Here are two things you may like to know today…
S&P downgrading US Credit rating = Simple Noise. It does not change anything
Media is going berserk over the news that US has lost its AAA credit rating for the first time since ratings began about 100 years back. S&P now rates the United States at AA+.
What does downgrade means?
Economically, it means higher interest rates. Something which American economy cannot afford right now. But the question is: Will it happen? Will interest rates really go up? The fact of the matter: It’s the market that determines the price of U.S. debt, not the ratings agencies. And the question one needs to ask: Is the downgrade going to change the perception about US debt. US economy is one of the world’s largest issuer of AAA rated paper. And post losing its rating: What is the alternative? I agree there may be some impact from funds that are legally prohibited from holding non-AAA debt but who knows they may seek change in mandate.

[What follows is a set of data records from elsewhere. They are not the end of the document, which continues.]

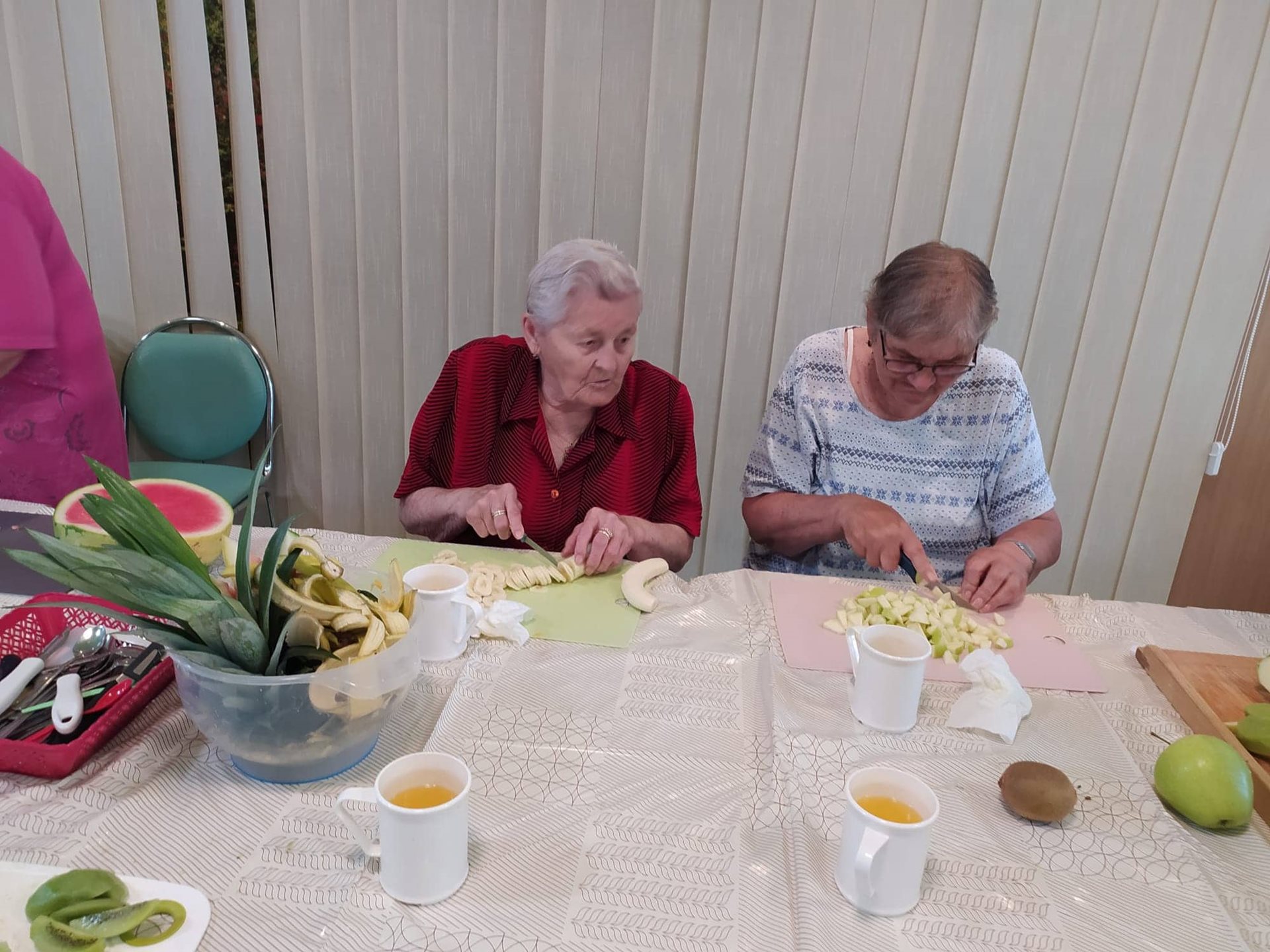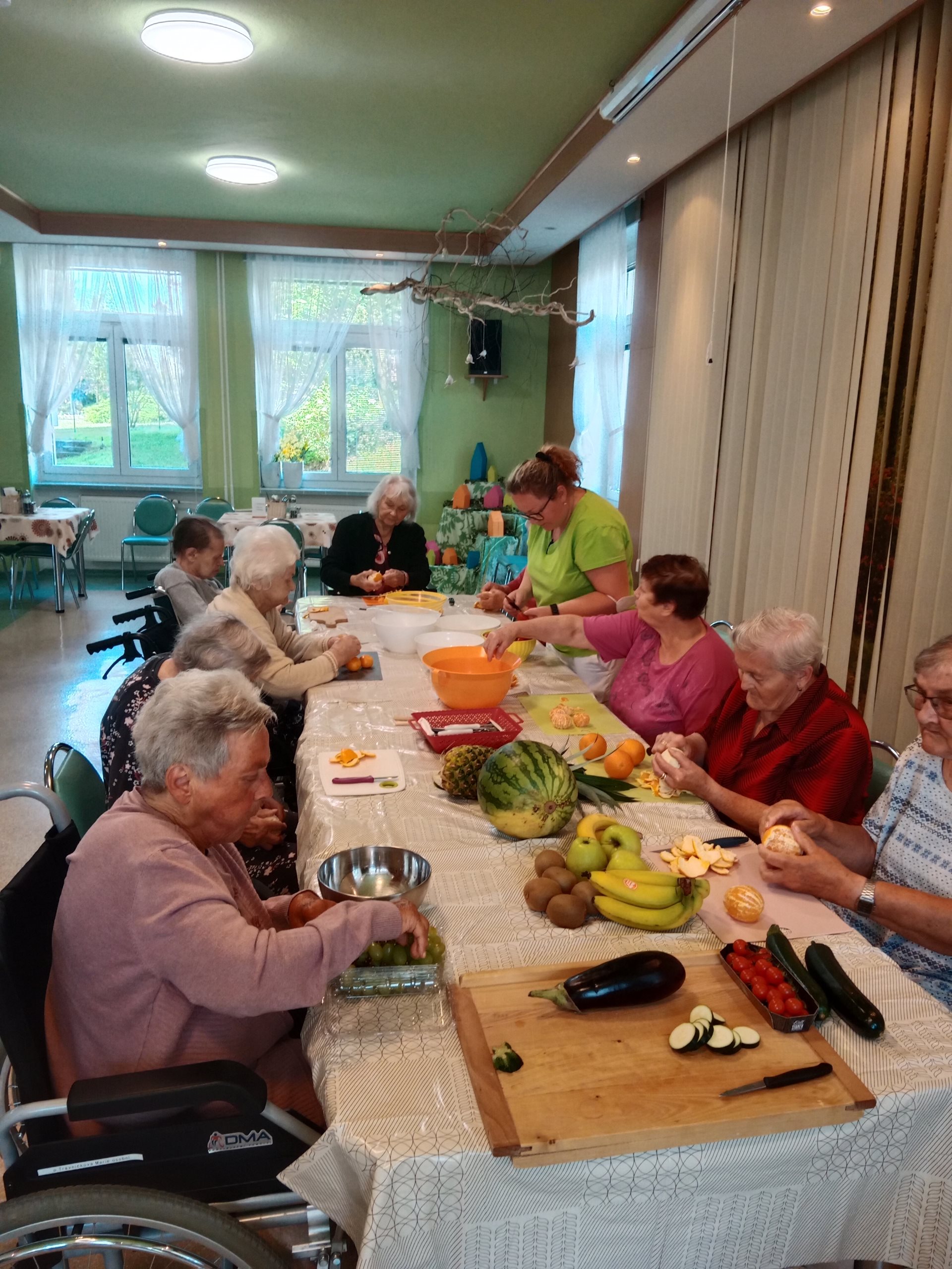 Povídání o blahodárném vlivu ovoce a zeleniny, grilování různých druhů a příprava ovocného salátu - to vše čekalo na naše klienty v úterý 7. června ve velké jídelně na Hlavní budově.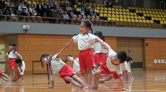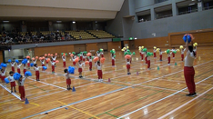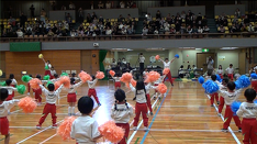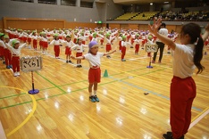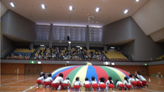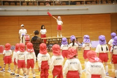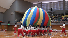さくら(年中)組の遊戯は、パラバルーン『最高到達点』でした。曲に合わせてパラバルーンがメリーゴーランドや朝顔、ロケットなどさまざまな形になりました。そして、クライマックスではバルーンの中からたくさんのカラーボールが最高到達点まで上がると、会場からは「おー!!」の歓声が上がりました。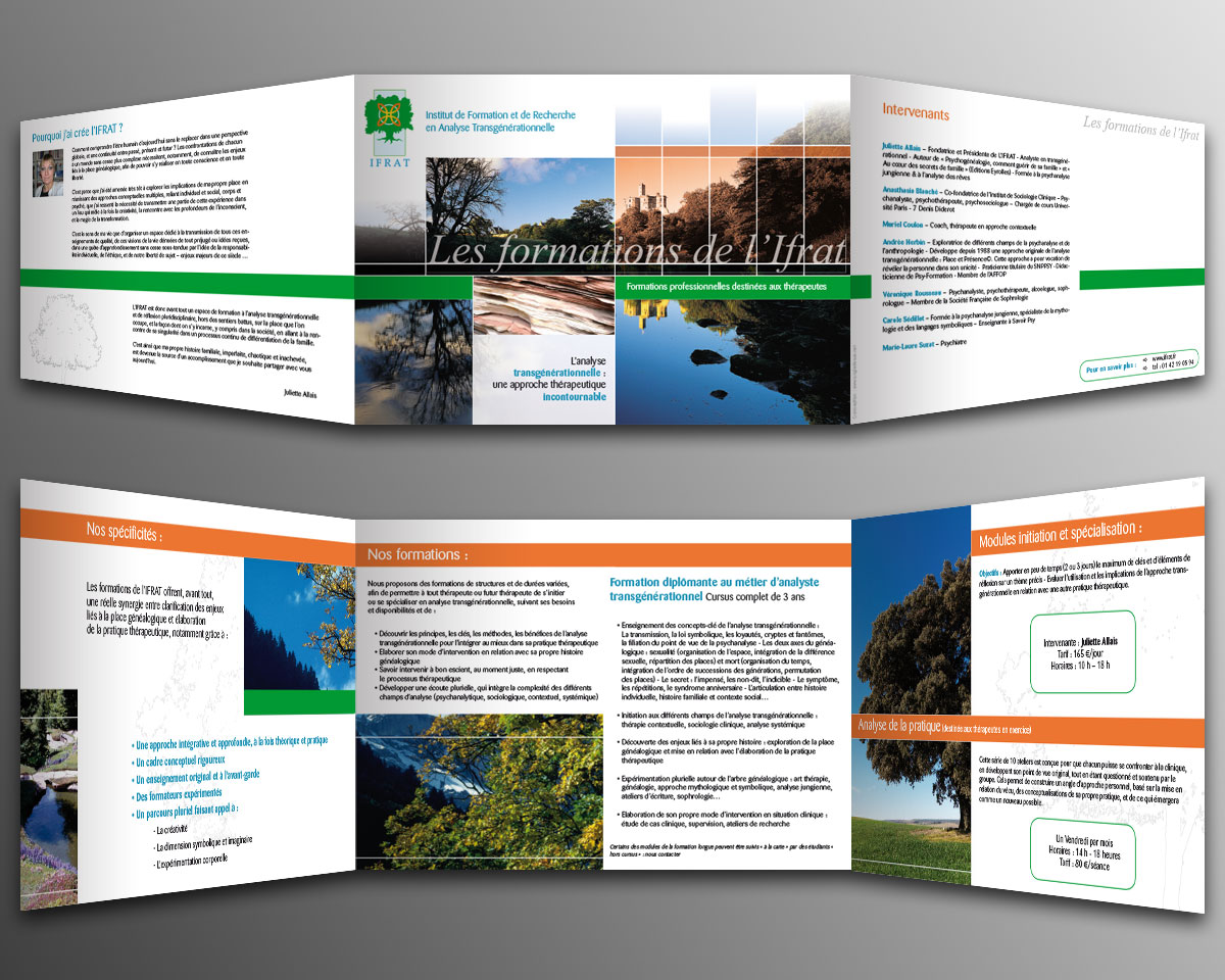Infographiste Indépendant, création de charte graphique dépliant 3 volets formation développement

Remember, USA has lost its AAA credit rating but it’s not that some other sovereign country has got AAA rating; and hence serious trade adjustments has to be made. The world will now learn to live with new reality: AAA is now AA+. That’s it I don’t think Credit downgrade is going to cause a major real shock to the system. Some artificial pain may happen because of media noise but that might be short lived.
India is the worst performing market in Asia
from Year to Date
It’s quite surprising that markets like Thailand, Indonesia and Philippines have posted gains Year to Date. India has been a weak market and that weakness has nothing to do with US or Europe.